2021 should have invigorated prime brokerage as active strategies continued to outperform and hedge funds saw record assets under management (AUM). Instead, 2021 turned out to be a watershed for the sector in a number of surprising ways.
Below are five key themes that defined 2021 and will continue to impact prime in the new year:
1. Increased Demand Side for Prime Solutions
In 2021, episodic volatility has drawn more attention to actively traded strategies. Moreover, positioning for macro strategies like rising rates (for instance, natural gas +93% YoY) and growing inflation expectations (labor market tightness — weekly unemployment claims in October tumbled to a ½ century low) have many institutional investors rethinking investment strategies and increasing their hedge fund allocations. That’s on the back of the best year for hedge funds in a decade in 2020, outperformance in 2021, and reaching an all time high AUM of nearly $4 trillion at mid-year. Ever more sophisticated strategies are emerging that require active management and demand additional risk capital and more nuanced attention. Many primes either don’t want to take on this new risk or cannot increase balance sheet utilization, creating situations where primes and brokers simply stop clients’ access to certain securities. Meeting the demands of sophisticated traders is becoming harder, but interfering with the proper function of markets should not be the answer.
2. Ongoing Supply Restrictions
Despite a veneer of rationality and evidence-based chess moves, each market fluctuation explicitly impacts which investors are deemed “acceptable” to the major primes. And that field is narrowing dramatically. Case in point: Archegos’s failure left family offices wondering if they, too, will soon face access limitation. Even firms that are let into the VIP room need to often wait months or longer just for the onboarding process to be completed. Some firms are shuttering prime services across the board. The pull-out of Credit Suisse, formerly one of the biggest primes, is symptomatic of the larger problem: the risk-taking activities of prime brokerages, and the supply of risk capital, are out of sync with the commercial banks in which they sit. More than ever, the larger primes are focusing their efforts on the same 50 clients, leaving thousands of investors, especially those with bleeding edge strategies and demanding needs, searching for new homes.

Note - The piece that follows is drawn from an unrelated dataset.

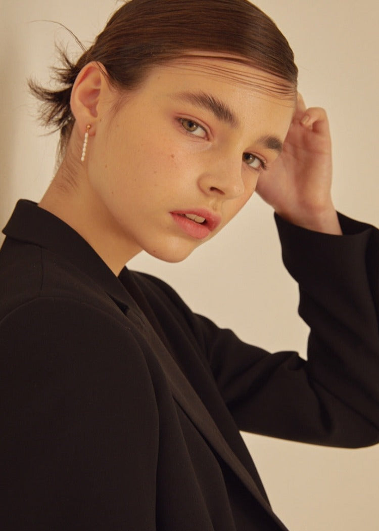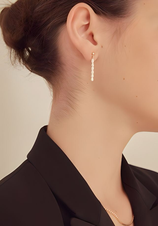 小粒なオーバル型パールを連ねたこちらのピアスはモダンな印象ながらフェミニンな要素を取り入れたデザインです。コンパクトなサイズ感ながらもお顔周りをさりげなく華やかに魅せてくれる優秀アイテムです。ピアスかイヤリングかお選びいただけます。

3. Costs Are Rising While Service Declines
Costs are rising for both primes and their clients. Regulatory and compliance demands have made the market safer in the wake of the crash of 2008, but at a high cost. Unfortunately, many of these rules are implemented with blunt force across all types of clients, whether justified or not. This results in higher costs and the stifling of investment required to serve growing areas of prime demand for sophisticated players, smaller firms, and those with elaborate technology needs. Clients are seeing higher hurdle rates and minimums even as services fall off. As demand for services picks up, primes continue to create additional manual processes by simply hiring more people, rather than addressing the underlying issues with technological solutions — meaning costs go up, demanding clients are cut, and the industry falls further behind.
4. A Modern Technology Stack for Modern Finance
In an interview in Traders Magazine this quarter, Abigail Johnson, Chairman and CEO of Fidelity Investments pointed to the challenges of working with antiquated technology: “The financial system still runs on a lot of infrastructure that was designed and built in the late 1980s and early 1990s […] we still can’t get everything done that we’d like to get done to be the most competitive company that we want to be.”
Clients are looking for ever increasing levels of differentiated service, and they’re frustrated with what’s available. Despite the over half a trillion dollar global tech spend at banks, modern tech remains a rarity in prime services. Clients want to better leverage data, portfolio analysis, risk assessments, custom reports, and a better clearing experience, yet the industry is not positioned for this. The prime space has become accustomed to its limitations and, since clients have nowhere else to turn, firms are not incentivized to hit the upgrade button. They just continue on with their slow, siloed, legacy technology system, making reactive fixes on top of older mainframe stacks.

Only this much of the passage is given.